The Australian Competition and Consumer Commission (ACCC) possesses the authority to probe into and implement enforcement measures in instances where excessive surcharging may be occurring.



Roche stated in the filing that ‘It’s a significant concern that both the RBA and ACCC have not measured the extent and financial impact of all surcharges, along with various forms of exorbitant fees.’
As per their claims, illegal extra fees have cost Australians over $2 billion in total.
This assertion is supported by a report from last November that discovered that
Australians have spent billions of dollars on unlawful charges for governmental services.
for at least twenty years.
The problem was revealed following the discovery by the NSW government that since 2016, approximately 92 million transactions incurred unlawful merchant fees totaling $144 million.

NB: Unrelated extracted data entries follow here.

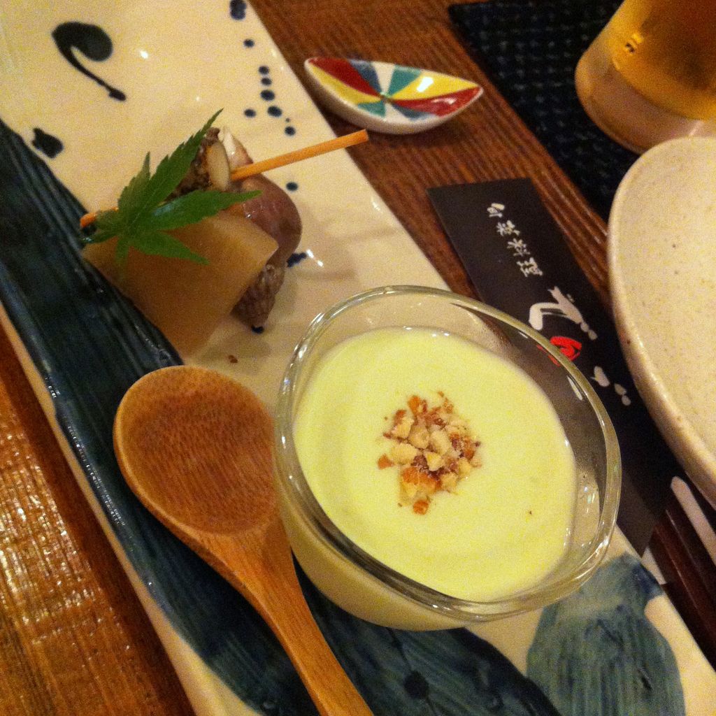 突出しは、グリーンピースのスープ、貝と大根の炊き合わせ
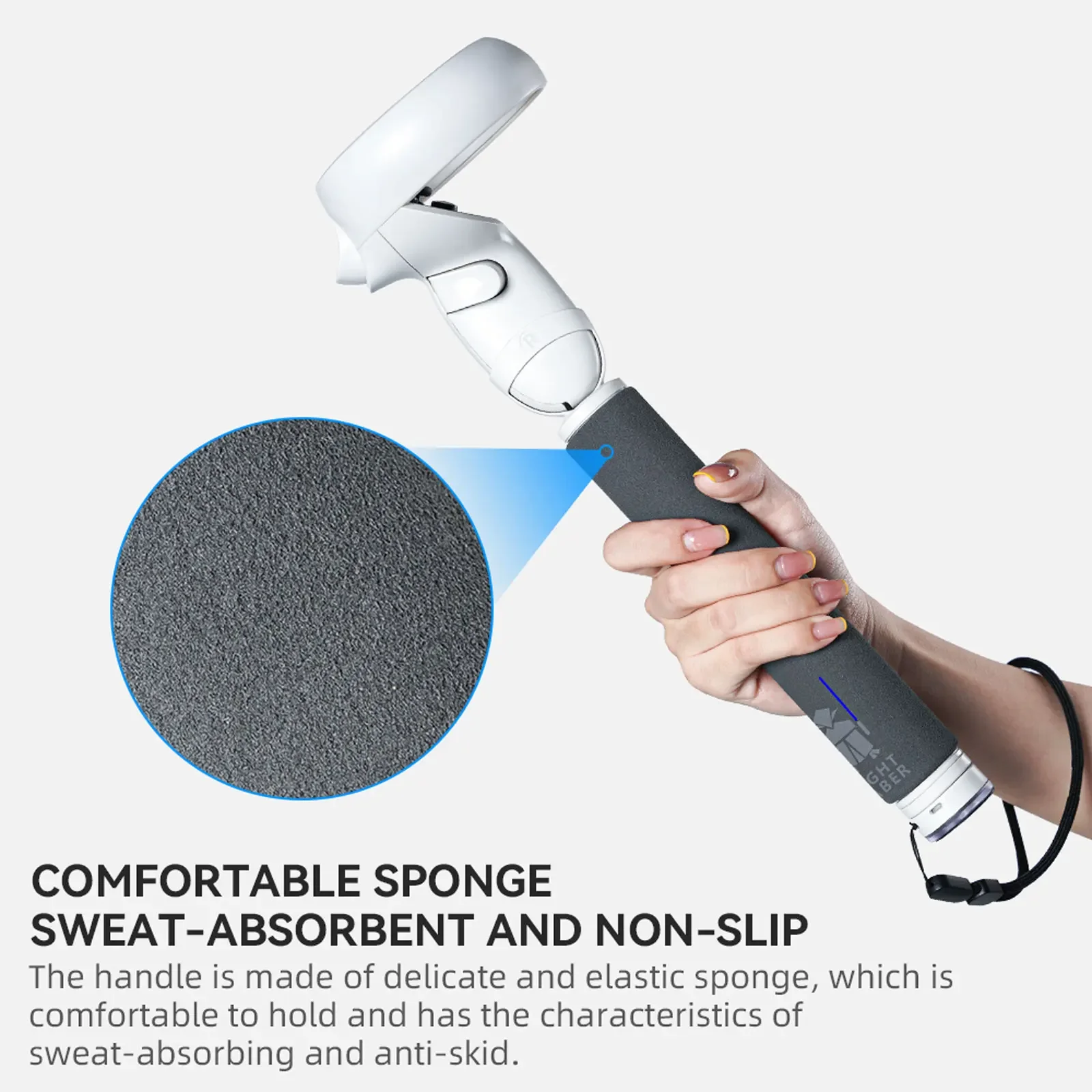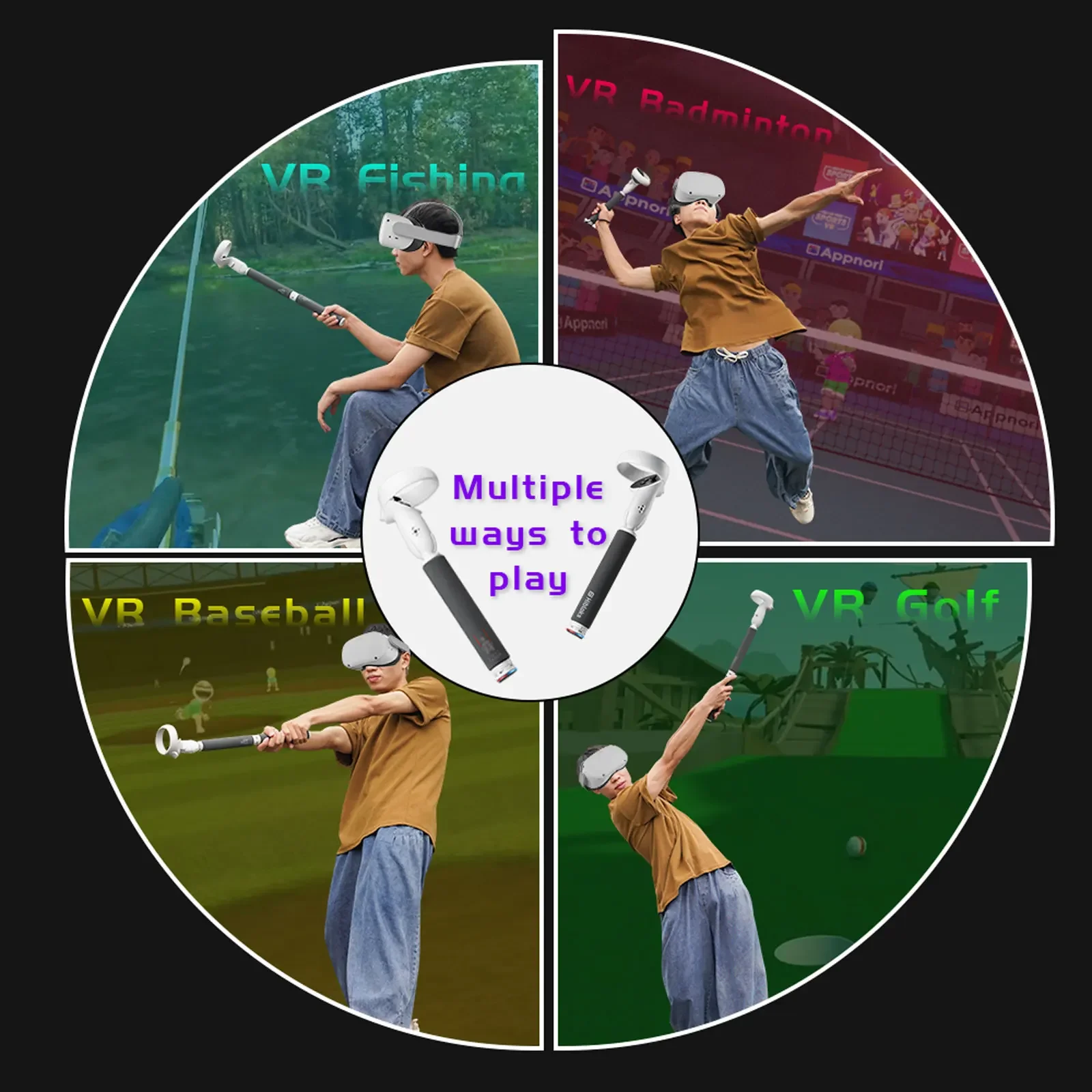 【Mango 2 en 1 】El extremo del mango es desmontable, desenrosque para combinar los dos mangos en un palo de 40cm con un conector, simula sostener un palo largo, más adecuado para VR Golf/béisbol/pesca, etc.
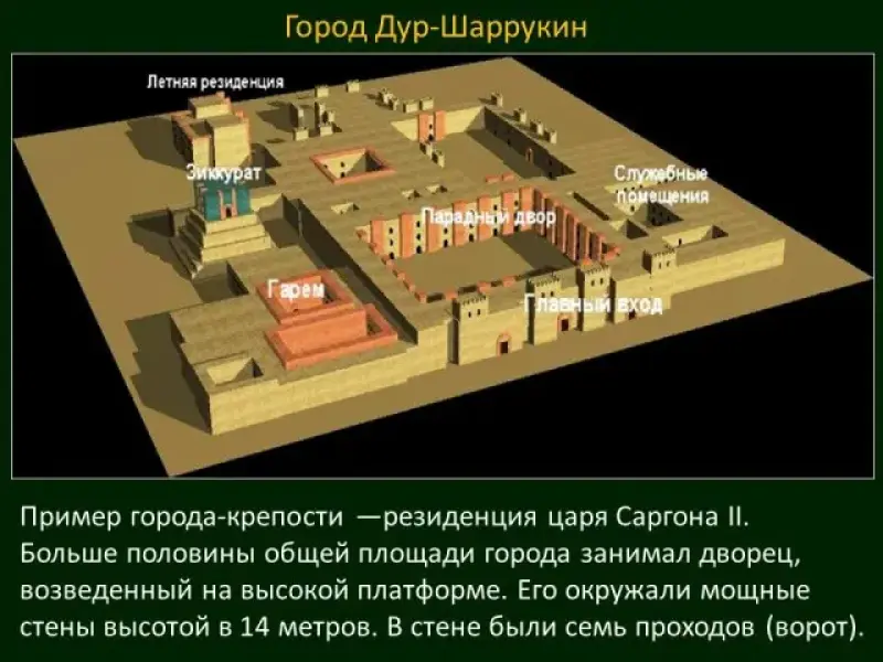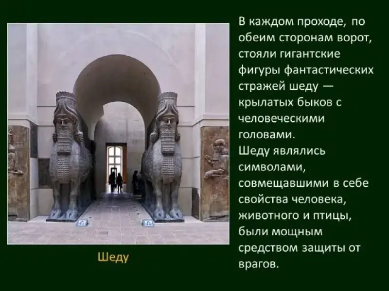 Постоянные войны определили характерную особенность ассирийского зодчества - расцвет крепостной архитектуры. Примером такого города может служить Дур-Шаррукин-резиденция царя Саргона II (Слайд 37). Больше половины общей площади города занимал дворец, возведенный на высокой платформе. Его окружали мощные стены высотой в 14 метров. В системе дворцовых перекрытий применялись своды и арки. В стене были семь проходов (Слайд 38). В каждом проходе, по обеим сторонам ворот, стояли гигантские фигуры фантастических стражей шеду - крылатых быков с человеческими головами.
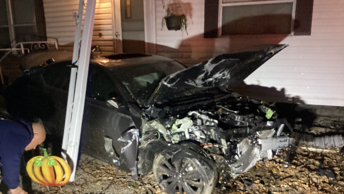 The vehicle had gone off the road and struck a mailbox, power pole, landscaping, and a parked vehicle before coming to rest against the residence. When striking the parked (unoccupied) vehicle, that was pushed into the trailer, moving it nearly a foot. The power pole was completely broken and Midwest Electric arrived to replace the pole.
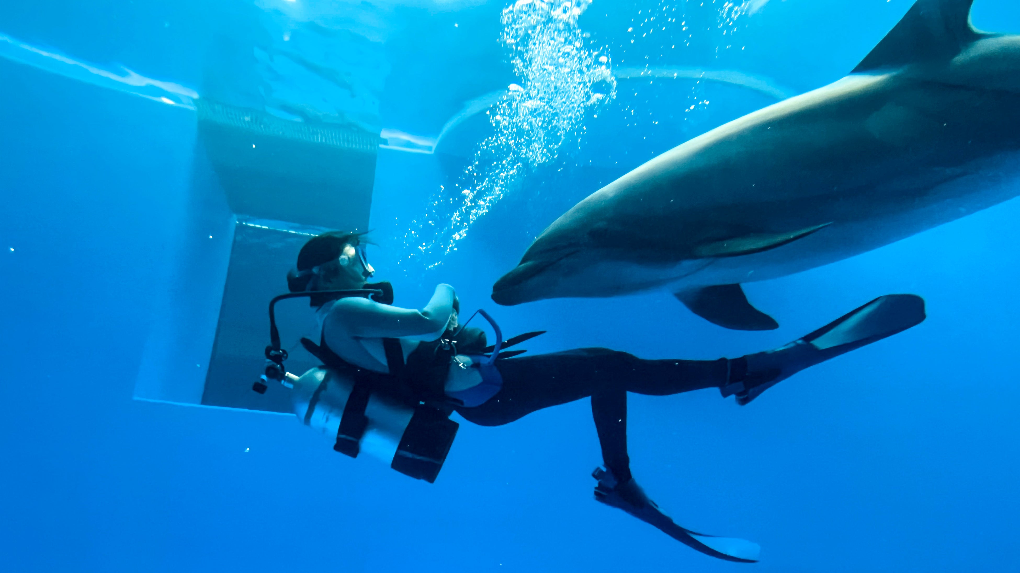「Art of Dolphin」は、バンドウイルカとトレーナーが織りなす幻想的な水中パフォ―マンスです。水上でのパフォ―マンスと違い、全パフォ―マンスを水中で行うことで、バンドウイルカの美しさや力強さをより身近に感じることができるだけでなく、浮遊感やプールに降り注ぐ自然光など、空間そのものもお楽しみいただけます。
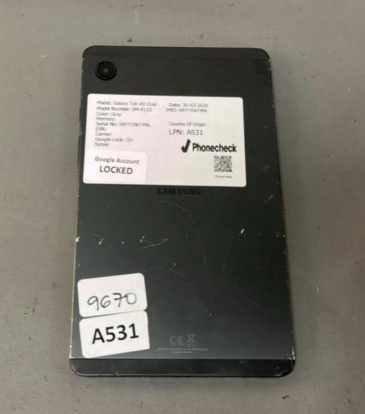 SAMSUNG GALAXY TAB A9 DUAL/ SM-X110/ GRAY/ GOOGLE LOCKED/ IMEI: R8YY306T4NL - SCREEN DAMAGED
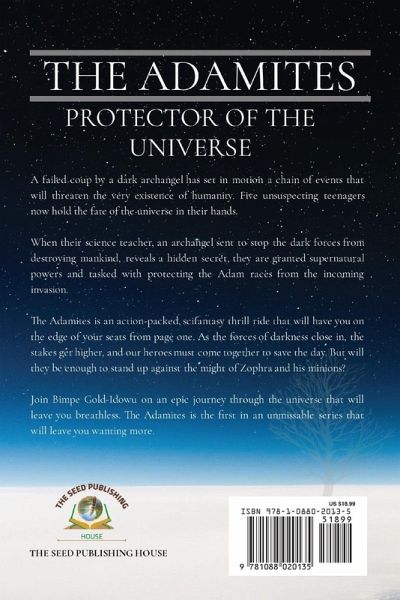 A failed coup by a dark archangel has set in motion a chain of events that will threaten the very existence of humanity. Five unsuspecting teenagers now hold the fate of the universe in their hands. As the forces of darkness close in, the stakes get higher, and our heroes must come together to save the day. But will they be enough to stand up against the might of Zophra and his minions?Join Bimpe Gold-Idowu and Richard O. Idowu on an epic journey through the universe that will leave you breathless. The Adamites is the first in an unmissable series that will leave you wanting more.
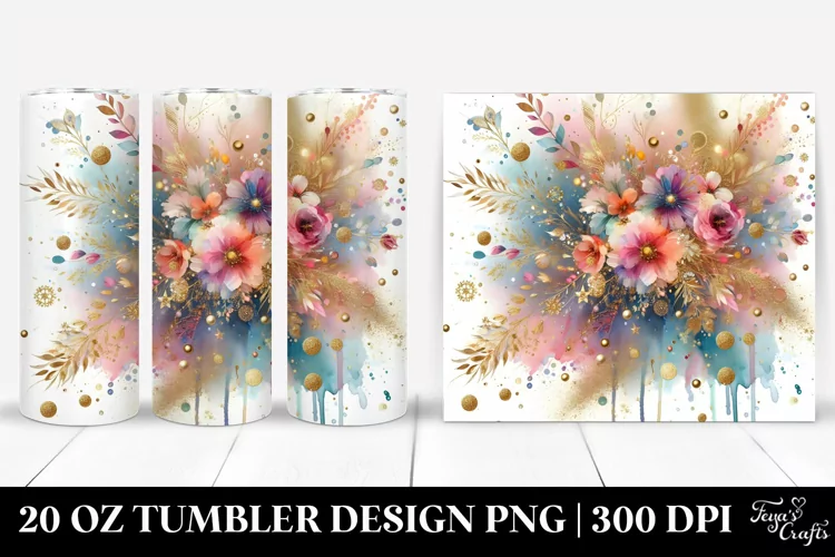 Sticker Summer Easter Colorful Flower Sublimation Tumbler Watercolorsplash Goldenfoil Gliterrybackground
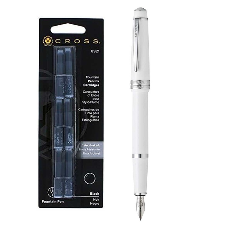 Cross Bailey Light, White Fountain Pen Extra Fine AT0746-2XS + 6 Black Cartridges
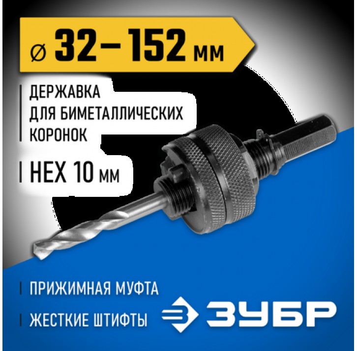 ЗУБР ф 32-152 мм, шестигранный хвостовик, державка для биметаллических коронок 29532_z01
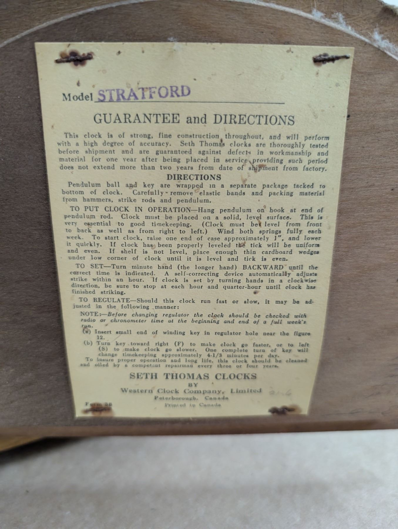 Vintage Wood Seth Thomas Made in Canada Clock (Not Working) July 19th 1948
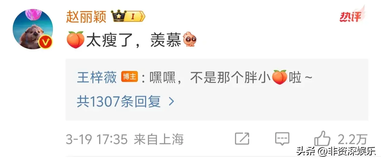 在与凤行拍摄时,小桃为了角色特意增重,播出之后她发了微博,俏皮的打趣,赵丽颖还给她留言,说太瘦了,可见二人私下的关系很好。
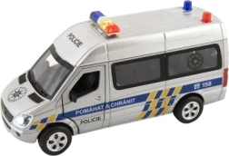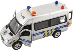 Robustné policajné autíčko z kovu s plastovými doplnkami poteší všetkých malých strážcov poriadku. Ponúka svetelné a zvukové efekty, spätné natiahnutie pre rýchly štart, otváracie dvere a dodáva sa s batériami v balení.
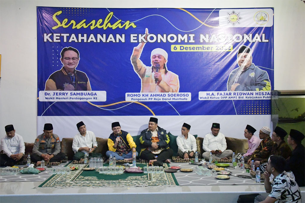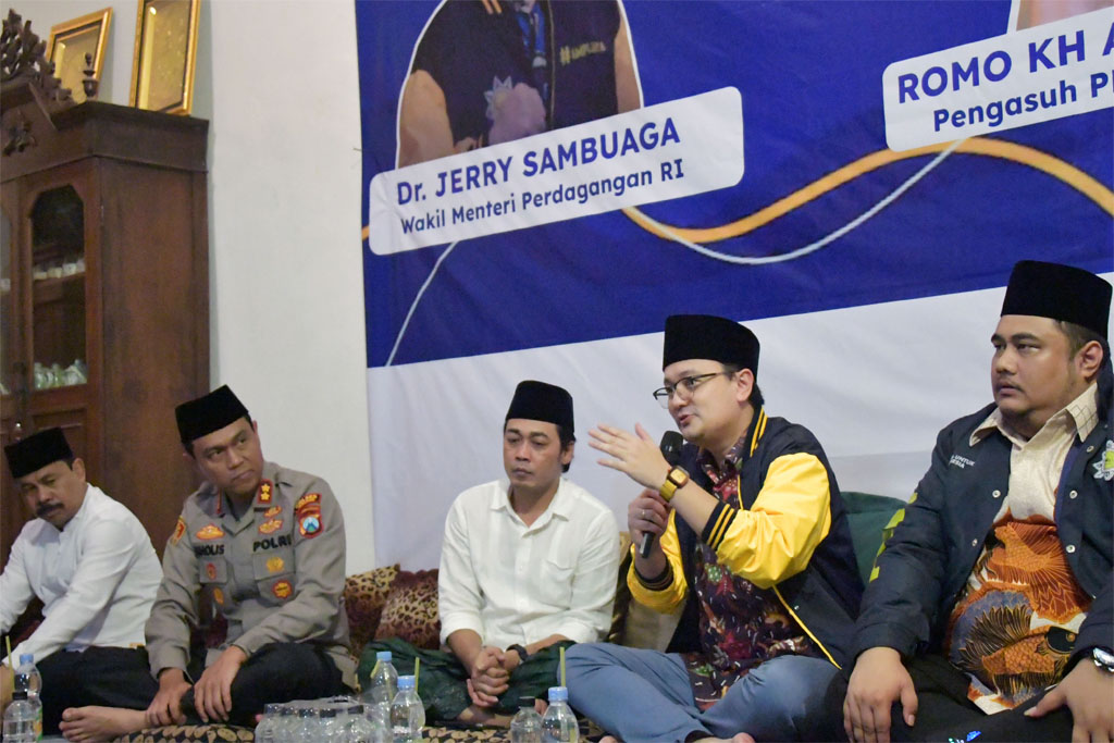 Wakil Menteri Perdagangan, Jerry Sambuaga menjadi pembicara pada Saresehan Ketahanan Ekonomi Nasional dengan tema “Pemberdayaan Ekonomi Pesantren” yang berlangsung di Pondok Pesantren Rejo Darul Musthofa, Kecamatan Gondanglegi, Kabupaten Malang, Jawa Timur, Selasa (6 Des).
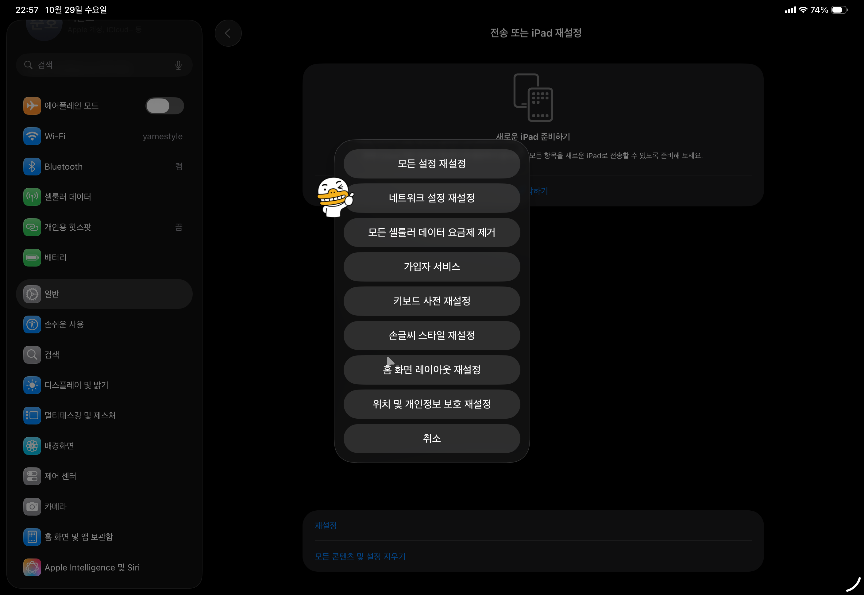 이 얇은 귀.. 능수능란한 상담사의 사탕발린 꼬심에 저도 모르게 넘어가버렸고, 문뜩 인터넷 속도가 느린 문제가 떠올라 이를 물어보니, 아.. 그거 네트워크 재설정 한 번 해보라는 피드백을 받았습니다. 꽤 많은 분들이 이걸로 속도를 회복했다나 뭐라나.. 보통 기기를 초기화할 때 전체를 재설정하는 기능(포맷이죠.)은 이용해봤지만, 이와 같이 부분적으로 재설정하는 기능은 사용해보지 않았기에 메뉴 위치를 물어보고 재설정 시 통신사 요금제를 다시 등록해야 하는지 등을 체크한 후 네트워크 재설정 버튼(튜브 캐릭터가 있는 버튼)을 과감히 눌러버렸습니다.
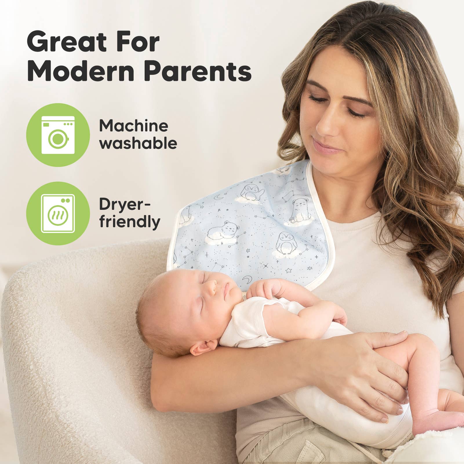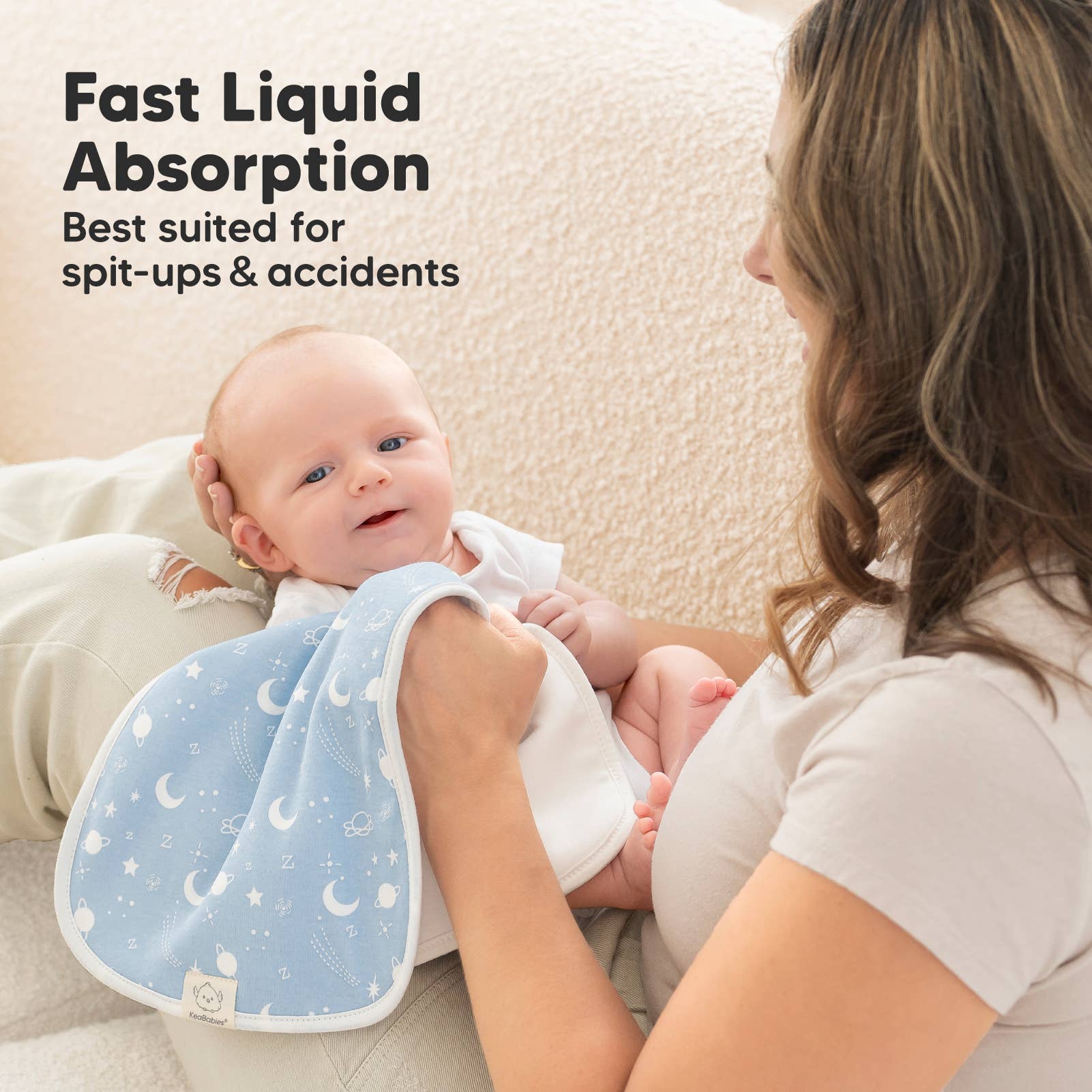 Our KeaBabies Urban Organic Burp Cloths are the perfect burping cloths for babies. Filled with quality fleece for optimum absorption, the highly soft and absorbent burp cloths keeps parents fresh and dry from spit ups, drool or puke. Sized at 21" x 10", these large burp cloths are wide enough to cover your shoulders and the unique figure-8 design prevents these spit up rags from slipping. Made with 100% organic cotton on both sides of the burp cloth, it is safe for your newborn baby's sensitive skin. These burp rags are machine washable and are sold in pack of 5 in a sustainable kraft gift box.

triggering a review by the Albanese Government of federal payments
.
Finance Minister Katy Gallagher stated that starting from January 1, 2025, the government will introduce legislation to prevent merchants from imposing debit card surcharges passed on by the Australian Taxation Office and Services Australia.
‘This new law will grant the finance minister authority to swiftly and effectively modify Commonwealth surcharging regulations, including preventing Commonwealth entities from imposing debit card surcharges,’ she stated.
Nevertheless, the controversial additional fees imposed during weekends and public holidays at numerous eateries fall under the purview of the ACCC to examine individually.
According to legal firm
Freedman and Gopalan
‘, adding an extra fee during weekends or public holidays is entirely permissible, provided the customer is informed’.”
There is no restriction on how high this additional charge can go. It needs to be clearly shown on the menu and should not be any smaller than the tiniest font used elsewhere on the menu.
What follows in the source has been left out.